Here is all of the code from this little example,
also making use of the string
module, so that
I don't have to type all of the alphabet again:
>>> from string import ascii_uppercase
>>> ascii_uppercase
'ABCDEFGHIJKLMNOPQRSTUVWXYZ'
>>> translation_table = [i for i in range(91)]
>>> for l in ascii_uppercase
... translation_table[ord(l)] = 2 * l.lower()
...
>>> translation_table[60:70]
[60, 61, 62, 63, 64, 'aa', 'bb', 'cc', 'dd', 'ee']

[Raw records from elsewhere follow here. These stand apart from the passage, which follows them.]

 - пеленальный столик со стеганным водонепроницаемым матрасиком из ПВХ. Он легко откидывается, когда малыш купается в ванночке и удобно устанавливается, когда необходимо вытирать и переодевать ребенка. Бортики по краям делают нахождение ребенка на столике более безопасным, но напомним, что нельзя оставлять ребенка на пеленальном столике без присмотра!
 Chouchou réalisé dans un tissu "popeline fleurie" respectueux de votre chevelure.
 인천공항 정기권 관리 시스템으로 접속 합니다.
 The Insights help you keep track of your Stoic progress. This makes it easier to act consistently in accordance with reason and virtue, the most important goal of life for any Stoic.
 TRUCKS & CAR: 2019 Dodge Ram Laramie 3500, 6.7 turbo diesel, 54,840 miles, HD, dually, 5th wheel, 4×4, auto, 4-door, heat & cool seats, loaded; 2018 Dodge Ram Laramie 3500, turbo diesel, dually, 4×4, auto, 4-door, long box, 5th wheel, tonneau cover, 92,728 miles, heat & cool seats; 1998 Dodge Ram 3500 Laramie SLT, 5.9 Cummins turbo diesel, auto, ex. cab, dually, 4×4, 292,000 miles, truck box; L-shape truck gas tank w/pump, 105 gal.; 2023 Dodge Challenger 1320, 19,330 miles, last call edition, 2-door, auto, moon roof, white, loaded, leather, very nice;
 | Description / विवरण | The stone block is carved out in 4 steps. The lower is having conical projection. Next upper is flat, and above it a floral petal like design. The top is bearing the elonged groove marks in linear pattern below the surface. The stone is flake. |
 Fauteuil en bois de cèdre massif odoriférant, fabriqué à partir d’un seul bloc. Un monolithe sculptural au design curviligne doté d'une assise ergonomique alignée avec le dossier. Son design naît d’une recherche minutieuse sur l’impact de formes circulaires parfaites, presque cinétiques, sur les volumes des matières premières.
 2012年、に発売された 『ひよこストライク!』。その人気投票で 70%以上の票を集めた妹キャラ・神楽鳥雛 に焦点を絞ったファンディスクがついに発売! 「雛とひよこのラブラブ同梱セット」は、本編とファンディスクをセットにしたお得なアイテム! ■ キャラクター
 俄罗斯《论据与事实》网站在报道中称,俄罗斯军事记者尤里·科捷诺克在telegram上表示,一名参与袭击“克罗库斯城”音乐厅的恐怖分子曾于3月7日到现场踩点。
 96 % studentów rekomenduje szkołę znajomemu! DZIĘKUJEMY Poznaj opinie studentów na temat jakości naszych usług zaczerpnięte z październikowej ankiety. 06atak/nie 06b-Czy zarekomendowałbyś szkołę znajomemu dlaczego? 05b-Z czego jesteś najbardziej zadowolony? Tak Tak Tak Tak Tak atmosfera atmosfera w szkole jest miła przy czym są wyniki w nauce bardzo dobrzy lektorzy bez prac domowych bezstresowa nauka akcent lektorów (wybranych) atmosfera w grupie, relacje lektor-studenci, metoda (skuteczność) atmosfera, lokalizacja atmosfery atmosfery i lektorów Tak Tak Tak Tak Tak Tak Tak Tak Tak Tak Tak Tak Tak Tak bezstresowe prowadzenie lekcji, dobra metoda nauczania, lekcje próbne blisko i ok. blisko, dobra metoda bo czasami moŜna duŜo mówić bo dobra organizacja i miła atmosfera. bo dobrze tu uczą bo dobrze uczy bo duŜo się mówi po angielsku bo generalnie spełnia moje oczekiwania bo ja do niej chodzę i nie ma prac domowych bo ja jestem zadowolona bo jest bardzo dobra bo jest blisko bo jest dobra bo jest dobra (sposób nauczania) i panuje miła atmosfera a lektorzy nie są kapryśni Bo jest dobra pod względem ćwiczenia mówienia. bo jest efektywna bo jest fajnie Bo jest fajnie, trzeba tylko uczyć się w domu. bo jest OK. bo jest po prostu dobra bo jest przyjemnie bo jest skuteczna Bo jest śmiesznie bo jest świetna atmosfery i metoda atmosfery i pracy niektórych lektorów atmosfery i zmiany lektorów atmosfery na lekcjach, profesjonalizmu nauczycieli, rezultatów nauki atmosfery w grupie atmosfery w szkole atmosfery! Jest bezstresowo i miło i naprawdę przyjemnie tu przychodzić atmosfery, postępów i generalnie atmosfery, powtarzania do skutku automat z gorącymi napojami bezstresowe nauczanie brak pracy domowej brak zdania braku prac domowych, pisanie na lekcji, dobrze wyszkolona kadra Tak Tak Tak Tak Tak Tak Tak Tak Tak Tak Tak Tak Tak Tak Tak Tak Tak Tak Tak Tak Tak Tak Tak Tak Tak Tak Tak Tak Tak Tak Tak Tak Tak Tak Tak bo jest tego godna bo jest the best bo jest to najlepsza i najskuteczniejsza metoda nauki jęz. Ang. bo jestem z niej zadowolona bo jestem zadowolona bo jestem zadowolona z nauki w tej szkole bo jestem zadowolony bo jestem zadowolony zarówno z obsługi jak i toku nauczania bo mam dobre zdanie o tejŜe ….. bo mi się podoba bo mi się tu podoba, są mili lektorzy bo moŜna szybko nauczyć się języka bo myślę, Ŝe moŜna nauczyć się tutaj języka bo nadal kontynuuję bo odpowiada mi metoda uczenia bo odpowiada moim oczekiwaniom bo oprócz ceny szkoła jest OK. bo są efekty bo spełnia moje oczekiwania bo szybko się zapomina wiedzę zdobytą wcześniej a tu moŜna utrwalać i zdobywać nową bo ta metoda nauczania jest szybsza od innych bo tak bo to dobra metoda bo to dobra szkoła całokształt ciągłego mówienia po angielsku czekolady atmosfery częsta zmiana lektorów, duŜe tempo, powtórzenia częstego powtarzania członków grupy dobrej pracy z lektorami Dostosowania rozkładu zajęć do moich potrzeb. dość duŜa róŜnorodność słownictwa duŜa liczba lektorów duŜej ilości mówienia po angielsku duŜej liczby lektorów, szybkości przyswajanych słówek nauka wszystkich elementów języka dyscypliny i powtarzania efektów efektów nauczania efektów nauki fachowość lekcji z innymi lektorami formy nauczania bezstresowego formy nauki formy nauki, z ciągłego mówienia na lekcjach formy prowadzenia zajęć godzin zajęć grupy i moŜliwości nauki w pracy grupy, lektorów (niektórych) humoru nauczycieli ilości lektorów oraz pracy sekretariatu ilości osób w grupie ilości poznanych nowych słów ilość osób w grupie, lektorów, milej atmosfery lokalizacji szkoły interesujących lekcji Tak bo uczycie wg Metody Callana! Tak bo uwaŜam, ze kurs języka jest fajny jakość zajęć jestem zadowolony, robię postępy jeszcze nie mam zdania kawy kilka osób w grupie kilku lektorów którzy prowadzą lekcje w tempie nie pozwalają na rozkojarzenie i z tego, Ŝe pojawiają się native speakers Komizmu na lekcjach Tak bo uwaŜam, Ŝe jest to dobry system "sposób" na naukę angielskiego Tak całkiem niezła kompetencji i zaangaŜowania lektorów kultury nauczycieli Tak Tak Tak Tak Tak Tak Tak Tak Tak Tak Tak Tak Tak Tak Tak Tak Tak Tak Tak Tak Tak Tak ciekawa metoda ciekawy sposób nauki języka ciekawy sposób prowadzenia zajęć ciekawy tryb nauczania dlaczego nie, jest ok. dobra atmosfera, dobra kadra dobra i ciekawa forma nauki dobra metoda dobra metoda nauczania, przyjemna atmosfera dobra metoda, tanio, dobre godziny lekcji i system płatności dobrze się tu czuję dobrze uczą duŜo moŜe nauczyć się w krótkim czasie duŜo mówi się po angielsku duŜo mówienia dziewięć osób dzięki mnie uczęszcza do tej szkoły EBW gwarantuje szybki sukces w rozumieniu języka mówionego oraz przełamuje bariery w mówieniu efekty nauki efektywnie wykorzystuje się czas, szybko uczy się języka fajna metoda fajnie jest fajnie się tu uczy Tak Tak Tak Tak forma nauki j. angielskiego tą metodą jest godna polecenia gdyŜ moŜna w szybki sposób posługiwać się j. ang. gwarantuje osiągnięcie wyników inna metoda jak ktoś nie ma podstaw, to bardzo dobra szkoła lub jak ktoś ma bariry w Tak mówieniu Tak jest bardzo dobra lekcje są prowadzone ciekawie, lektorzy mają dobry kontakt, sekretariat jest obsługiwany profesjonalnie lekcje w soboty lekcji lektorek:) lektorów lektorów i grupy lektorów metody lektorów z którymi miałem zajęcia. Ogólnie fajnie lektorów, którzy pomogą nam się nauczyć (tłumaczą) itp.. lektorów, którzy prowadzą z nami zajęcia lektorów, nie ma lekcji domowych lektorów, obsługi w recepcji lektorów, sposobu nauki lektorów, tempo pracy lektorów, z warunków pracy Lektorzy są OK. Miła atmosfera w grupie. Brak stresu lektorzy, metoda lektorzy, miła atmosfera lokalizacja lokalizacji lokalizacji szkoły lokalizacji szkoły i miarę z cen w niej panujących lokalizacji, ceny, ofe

>>> "Hey, what's UP?".translate(translation_table)
"hhey, what's uupp?"
str.maketrans
Having seen the generic form of translation tables,
it is time to introduce str.translate
's best friend,
str.maketrans
.
The method str.maketrans
is a utility method that provides
for a convenient way of creating translation tables
that can be used with str.translate
.
str.maketrans
accepts up to 3 arguments,
so let's break them down for you.
The version of str.maketrans
that only accepts one argument has
the purpose of making it simpler for us, users,
to define dictionaries that can be used with str.translate
.
Why would that be useful?
As we have seen above, when using dictionaries as translation tables we need to make sure that the keys of the dictionary are the code points of the characters we want to replace.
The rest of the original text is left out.